Data for analysis below:

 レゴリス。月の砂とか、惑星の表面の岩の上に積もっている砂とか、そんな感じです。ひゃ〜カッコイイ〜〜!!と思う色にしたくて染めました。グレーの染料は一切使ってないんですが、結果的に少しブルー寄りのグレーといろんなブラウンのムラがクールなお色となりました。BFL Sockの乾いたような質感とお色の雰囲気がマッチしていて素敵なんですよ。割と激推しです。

End of Data for analysis.
Data for analysis below:

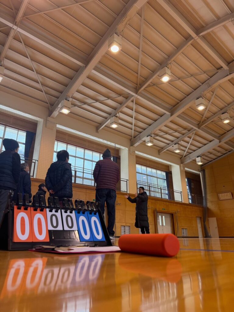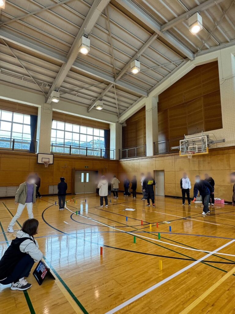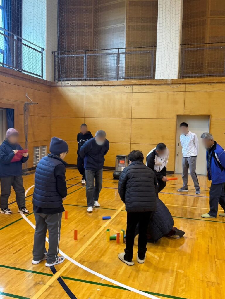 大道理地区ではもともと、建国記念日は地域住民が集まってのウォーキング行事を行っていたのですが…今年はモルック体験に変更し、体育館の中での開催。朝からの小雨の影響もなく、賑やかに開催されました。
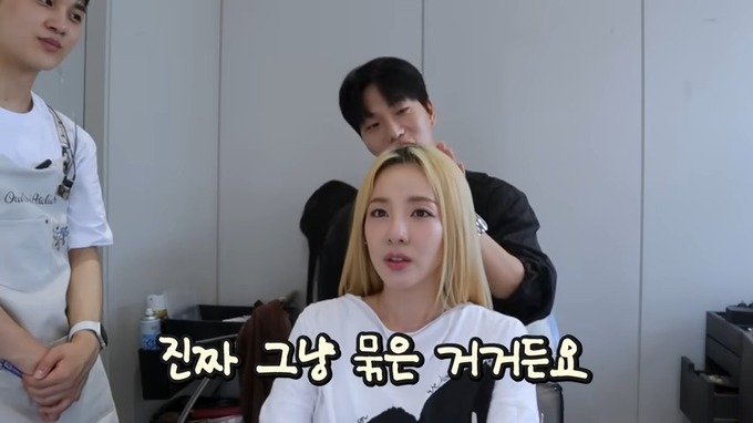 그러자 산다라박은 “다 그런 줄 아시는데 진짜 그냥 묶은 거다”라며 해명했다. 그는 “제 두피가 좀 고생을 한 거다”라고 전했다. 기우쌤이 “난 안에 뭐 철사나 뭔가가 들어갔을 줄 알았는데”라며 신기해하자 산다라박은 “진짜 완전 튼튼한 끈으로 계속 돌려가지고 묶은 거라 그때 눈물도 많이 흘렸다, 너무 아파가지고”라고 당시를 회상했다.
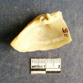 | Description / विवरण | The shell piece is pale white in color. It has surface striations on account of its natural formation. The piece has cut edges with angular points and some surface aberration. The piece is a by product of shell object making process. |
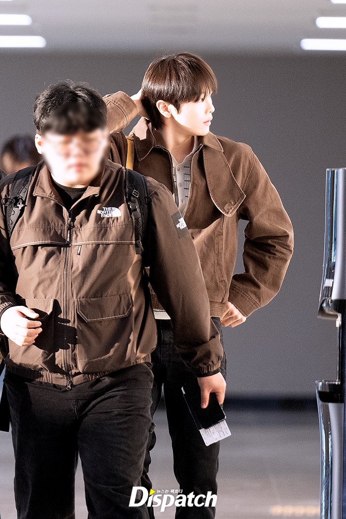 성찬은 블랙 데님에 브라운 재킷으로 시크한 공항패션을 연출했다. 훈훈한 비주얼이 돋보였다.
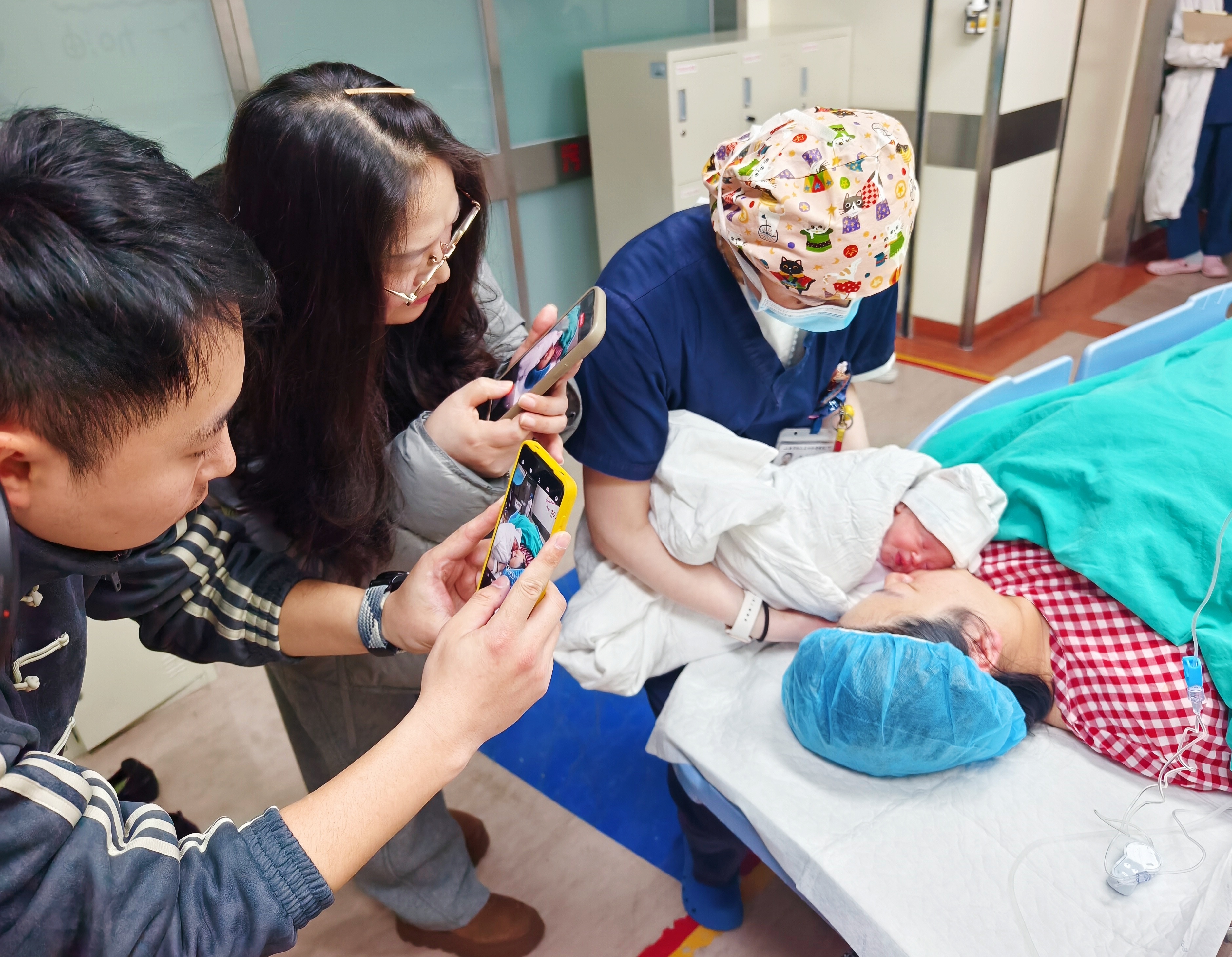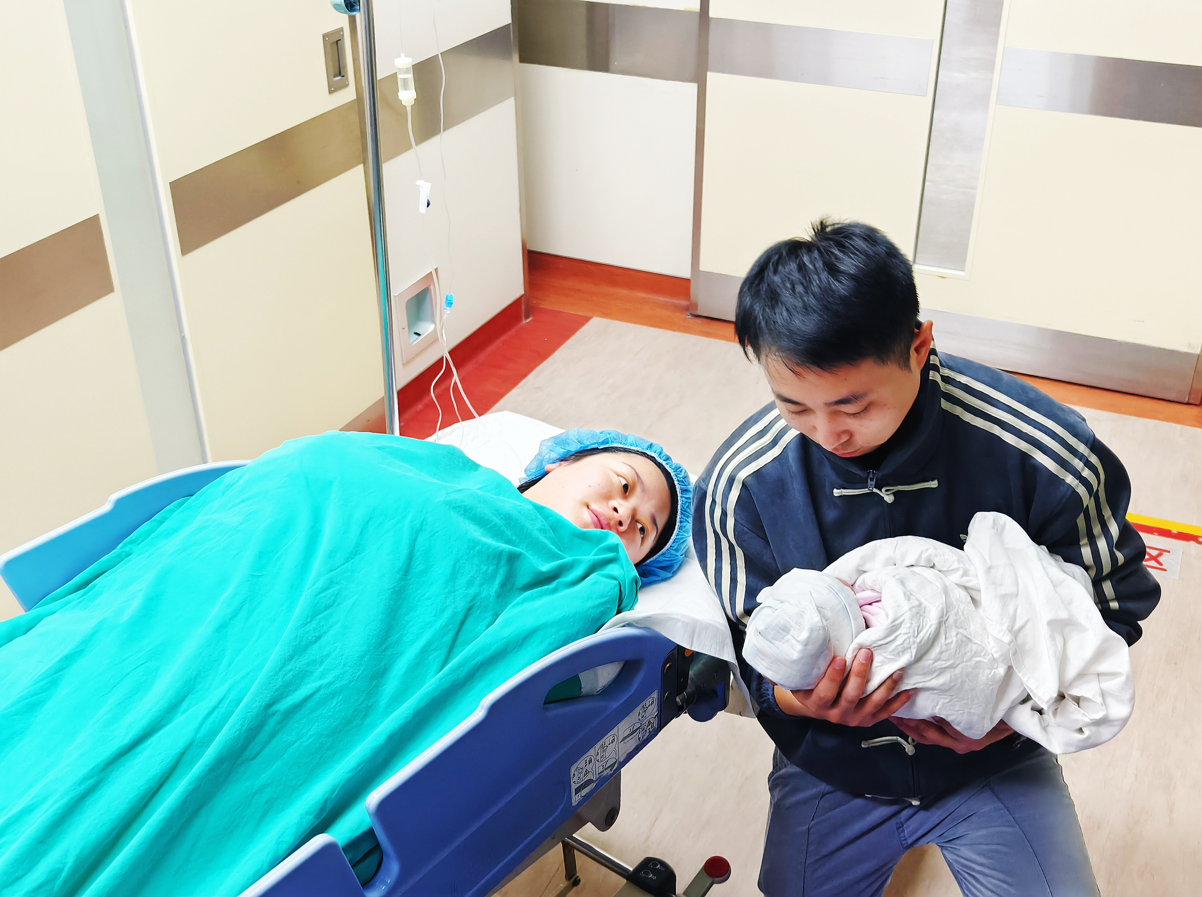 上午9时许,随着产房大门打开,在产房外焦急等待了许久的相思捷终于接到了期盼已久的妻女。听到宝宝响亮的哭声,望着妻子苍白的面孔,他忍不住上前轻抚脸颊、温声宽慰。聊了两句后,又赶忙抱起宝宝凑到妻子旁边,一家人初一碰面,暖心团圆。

End of Data for analysis.

= Task objective =
Above are some records; extract exactly the lines from the one containing "성찬은 블랙 데님에 브라운" through the one containing "上午9时许,随着产房大门打开" and drop the pictures.

= Written response =
 성찬은 블랙 데님에 브라운 재킷으로 시크한 공항패션을 연출했다. 훈훈한 비주얼이 돋보였다.
 上午9时许,随着产房大门打开,在产房外焦急等待了许久的相思捷终于接到了期盼已久的妻女。听到宝宝响亮的哭声,望着妻子苍白的面孔,他忍不住上前轻抚脸颊、温声宽慰。聊了两句后,又赶忙抱起宝宝凑到妻子旁边,一家人初一碰面,暖心团圆。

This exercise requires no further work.